(Beginning of Records to process)

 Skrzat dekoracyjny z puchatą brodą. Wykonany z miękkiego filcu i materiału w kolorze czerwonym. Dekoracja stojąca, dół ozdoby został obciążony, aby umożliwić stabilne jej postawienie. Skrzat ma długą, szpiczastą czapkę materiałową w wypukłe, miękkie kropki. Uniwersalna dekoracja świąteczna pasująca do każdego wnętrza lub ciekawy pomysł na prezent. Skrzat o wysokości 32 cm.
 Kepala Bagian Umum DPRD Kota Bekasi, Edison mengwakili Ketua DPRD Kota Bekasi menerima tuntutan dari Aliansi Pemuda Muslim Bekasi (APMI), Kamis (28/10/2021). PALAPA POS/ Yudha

(End of Records to process)
(Beginning of Records to process)

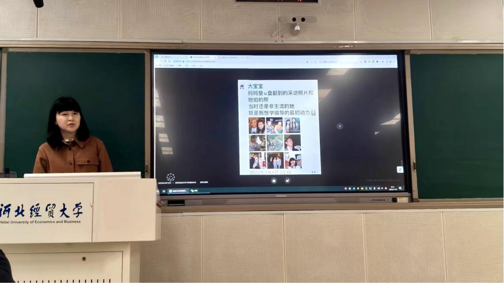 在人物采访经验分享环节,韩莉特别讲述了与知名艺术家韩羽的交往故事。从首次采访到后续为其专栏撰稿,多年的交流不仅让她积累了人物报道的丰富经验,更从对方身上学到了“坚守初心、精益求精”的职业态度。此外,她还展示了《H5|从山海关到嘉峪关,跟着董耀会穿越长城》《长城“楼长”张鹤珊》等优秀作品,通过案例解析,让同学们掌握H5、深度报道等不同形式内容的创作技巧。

(End of Records to process)

## What you need to do
The line above containing "Skrzat dekoracyjny z", the line containing "Kepala Bagian Umum", and every line between them are to be transcribed exactly; no other line is wanted.

## Exercise answer
 Skrzat dekoracyjny z puchatą brodą. Wykonany z miękkiego filcu i materiału w kolorze czerwonym. Dekoracja stojąca, dół ozdoby został obciążony, aby umożliwić stabilne jej postawienie. Skrzat ma długą, szpiczastą czapkę materiałową w wypukłe, miękkie kropki. Uniwersalna dekoracja świąteczna pasująca do każdego wnętrza lub ciekawy pomysł na prezent. Skrzat o wysokości 32 cm.
 Kepala Bagian Umum DPRD Kota Bekasi, Edison mengwakili Ketua DPRD Kota Bekasi menerima tuntutan dari Aliansi Pemuda Muslim Bekasi (APMI), Kamis (28/10/2021). PALAPA POS/ Yudha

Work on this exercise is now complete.